Data under study:

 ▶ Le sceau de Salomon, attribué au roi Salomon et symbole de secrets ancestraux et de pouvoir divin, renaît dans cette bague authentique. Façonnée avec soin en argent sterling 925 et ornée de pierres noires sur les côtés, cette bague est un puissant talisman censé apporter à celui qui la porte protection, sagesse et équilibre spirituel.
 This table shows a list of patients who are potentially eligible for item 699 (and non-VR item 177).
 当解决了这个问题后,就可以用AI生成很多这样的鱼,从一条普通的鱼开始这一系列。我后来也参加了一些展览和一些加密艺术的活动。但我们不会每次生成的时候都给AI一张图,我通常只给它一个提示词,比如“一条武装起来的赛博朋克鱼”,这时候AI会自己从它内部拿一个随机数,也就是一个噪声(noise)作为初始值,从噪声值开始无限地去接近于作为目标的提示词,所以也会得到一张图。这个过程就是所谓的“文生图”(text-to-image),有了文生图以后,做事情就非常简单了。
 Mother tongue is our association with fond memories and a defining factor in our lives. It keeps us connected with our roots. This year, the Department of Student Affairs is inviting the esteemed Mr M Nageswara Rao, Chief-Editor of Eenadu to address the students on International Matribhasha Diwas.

==

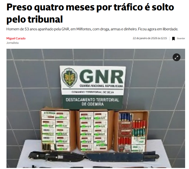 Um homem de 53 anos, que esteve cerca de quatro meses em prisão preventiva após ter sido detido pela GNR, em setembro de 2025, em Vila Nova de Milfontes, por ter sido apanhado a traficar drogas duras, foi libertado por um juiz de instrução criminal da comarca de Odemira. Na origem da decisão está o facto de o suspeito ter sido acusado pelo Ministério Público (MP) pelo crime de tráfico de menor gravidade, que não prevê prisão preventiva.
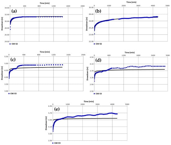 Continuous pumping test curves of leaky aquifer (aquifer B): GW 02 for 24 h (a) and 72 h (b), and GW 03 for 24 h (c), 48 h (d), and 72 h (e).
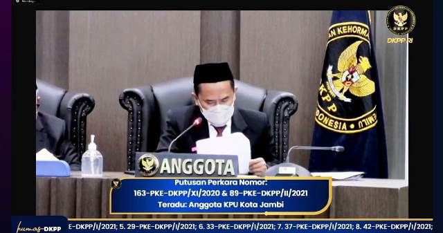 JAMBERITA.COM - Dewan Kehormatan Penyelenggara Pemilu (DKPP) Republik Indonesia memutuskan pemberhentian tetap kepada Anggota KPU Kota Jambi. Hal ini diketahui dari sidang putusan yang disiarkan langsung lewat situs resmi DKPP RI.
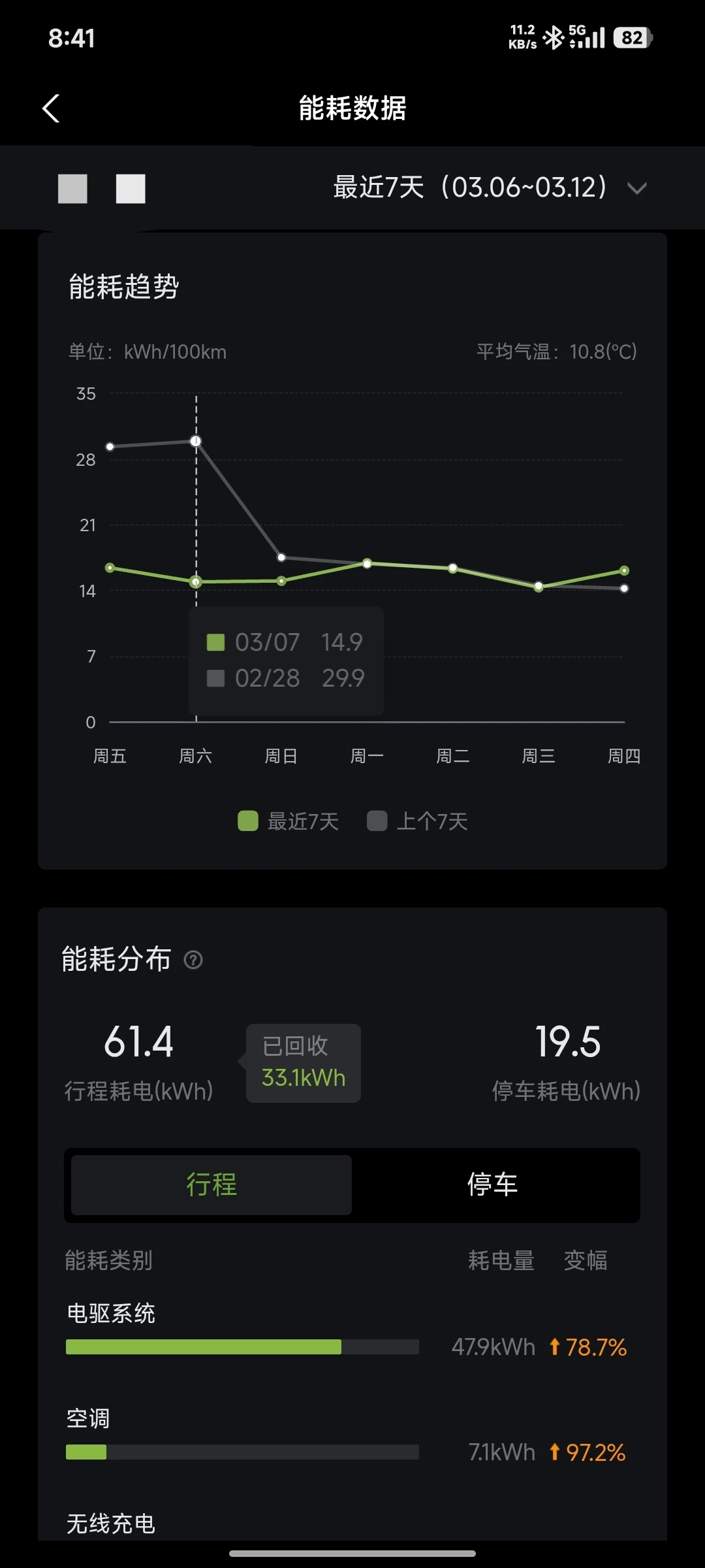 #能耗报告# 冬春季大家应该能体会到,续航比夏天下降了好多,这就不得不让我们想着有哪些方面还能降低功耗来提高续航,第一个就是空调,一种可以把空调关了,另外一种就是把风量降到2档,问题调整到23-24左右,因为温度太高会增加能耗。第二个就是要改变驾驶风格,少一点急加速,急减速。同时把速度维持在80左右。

Problem description: In the listing, find all lines with the string "This" and copy them.

Task solution:
 This table shows a list of patients who are potentially eligible for item 699 (and non-VR item 177).
 Mother tongue is our association with fond memories and a defining factor in our lives. It keeps us connected with our roots. This year, the Department of Student Affairs is inviting the esteemed Mr M Nageswara Rao, Chief-Editor of Eenadu to address the students on International Matribhasha Diwas.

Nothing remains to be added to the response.